2パックとビギーを止揚して、かつてのビーフとは一線を画す立場に身を置いた。これが意味するところは何か。
 舌戦からスターを犠牲にしてしまった東西抗争は、ヒップホップ史上最大の悲劇と言われている。が、そのような言及がなされるとき、どうしてもそこに甘い感傷を覚えてしまうのは、「リアル」の意味を、ラップのトピックスと実生活が同じ直線上に並ぶことだと捉えているからではないか。
 ところが、実生活ではg.o.o.d kidだが、いざラップをさせればハルクのように変身してしまうKendrickは、ラップを別の位相の現実のなかに構築する。それでもなお、私達の生きている世界はたしかにこうなっていると思わせる「リアル」。そうした成熟した「リアル」が、Controlとともに拡大していくことになった。

◇もうひとつは、ビーフの役割を変えてしまったこと。Kendrickのヴァースについてはこのような捉え方がある。「名指しされなかったやつこそ、実はディスられてるんじゃないのか?」という。
 通常、ビーフが起きれば、一体今度は誰と誰が喧嘩してるのだろう、と捉えるものだが、しかしControlはそう捉えてもあまり意味をなさなかった。むしろ、新しいゲームボードを用意し、そこに乗るか乗らないか、全てのラッパーに踏み絵を迫るものになっていった。つまり、名指しされてるやつは既に新しいゲームボードに乗っている、と解釈できるのである。

◇世界中のラッパーがKendrickのControlに踏み絵を迫られるなか、日本語ラップは完全に別世界に居た。
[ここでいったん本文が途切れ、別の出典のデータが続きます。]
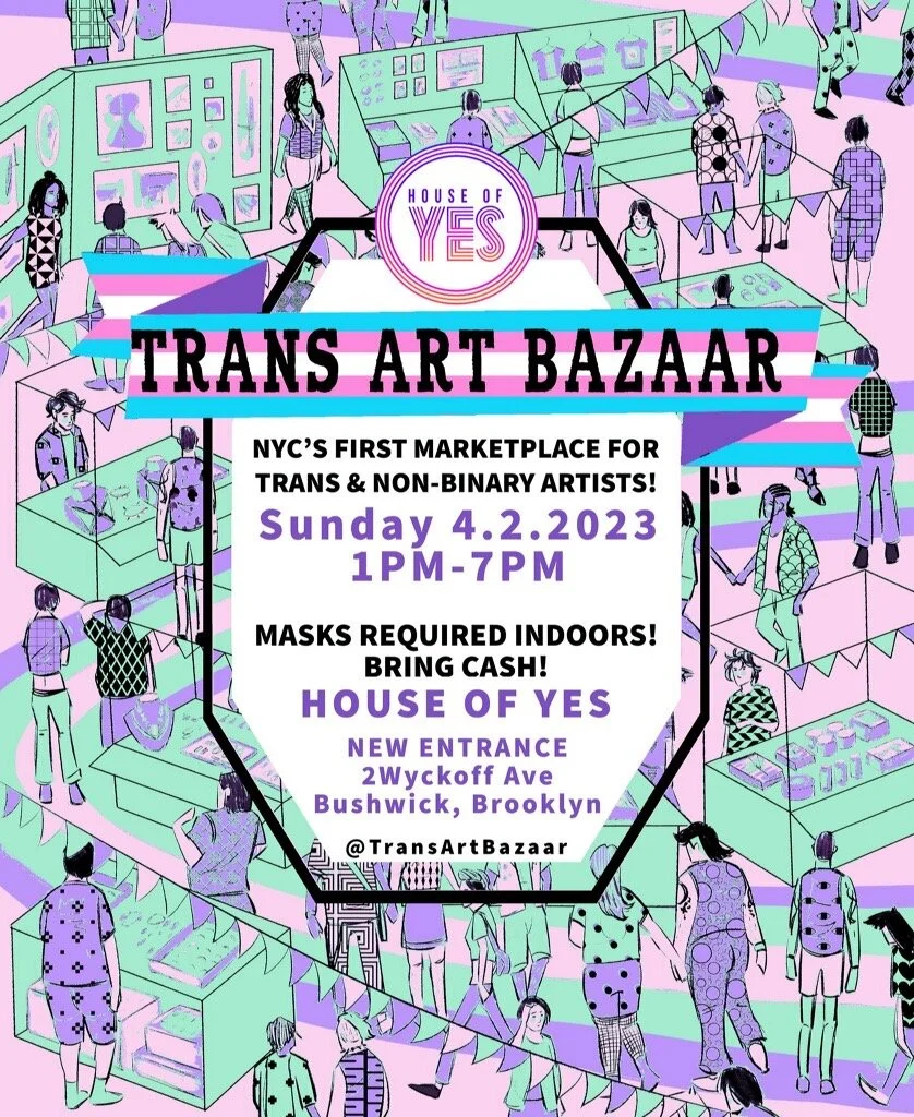 Spring into this amazing year of Trans Art Bazaar with our FIRST Bazaar of 2023 happening on Sunday, April 2nd at House of Yes! The warmth of summer is just around the corner, and the local Trans/NB community is here for you to stock up on all the summer goodies you may need! Tattoos, stickers, art, jewelry; come find it at the Trans Art Bazaar!

MOMENTはこれをガラパゴス化と呼ぶが、出来事として何が起こっているかは知っているのに、こちらとは別世界のこととして捉えられる状況になっていた。なぜ日本語ラップシーンはControlに反応できなかったのか。おそらくそれは、単に言語の壁だけが原因ではない。#FightClubJPは、まさにそうした状況への冷静な批評でもあった。
 日本語ラップシーンで競争が出来るのか。それが今回のテーマであり、MOMENTは何度も「これはディスではない」と言い続けている。また、彼自身のプロップス云々とは全く無関係のところで、彼はこれを必要としたのだと思う。インタビューのなかで語っていた「(ラップで)殺されてもいい」という言葉は、おそらく本気だったのではないか。そうでなければ、このまま沈黙を貫けば勝ち逃げ出来るという状況のなかで、わざわざ相手を褒めちぎるようなアンサーを出さない。#FightClubJPに湧くリスナーなどお構いなしに堂々と降板宣言をしてしまったMOMENTは、ラッパーとしてはあまりに誠実だっただろう。
 通常のビーフはよりプロップスを集めた方が勝ちになる。もし#FightClubJPが通常のビーフであれば、MOMENTは敗北したと考えられる。しかし、このゲームの動機を思い出してみれば、日本語ラップシーンの競争が可視化されたという時点で、一定以上の成功を収めたのではないだろうか。

◇しかし嫌な反応も観たし、それをあぶり出す装置としても、#FightClubJPタグは最高に便利だった。
 自分の生活圏内以外を全て別世界の出来事と捉えようとする態度は、差別も起こせば、生活保護バッシングもするし、公共という意識を根こそぎ奪っていく。仮に3.11のように、物理的な震動が誰彼構わず共有されることになれば、断絶が失われたことに焦ったやつから「全てが変った」と大騒ぎを始めるし、そんな純朴な彼らの安心のために、体の良い「つながり」という言葉が用意されて、改めて断絶が繰り返されるのである。そんな状況で、「リアル」は成熟できるはずもなく、物語は読むものとしての役割を放棄し、共感するものに成り下がった。
 日本語ラップがそんなものになるかどうかを決めるのは、各々の姿勢なのに。

◇ところで、そういえば映画の『ファイトクラブ』も、革命のゲームから降りるために「あるキャラ」を殺し、「恋人」と手をつなぎながらゲームの行く末を眺めて終わる。この恋人が、つまりHIPHOPなのだと考えたら、そうか。 #FightclubJP ってMOMENTにとってのそういう物語になったのかもしれない。

◇さらにところで、もし自分がこの一連のアクションに“#FightClubJP”以外の名前を付けるとしたら、“#海の向こうで戦争が始まる”にする。相当語呂が悪いけど。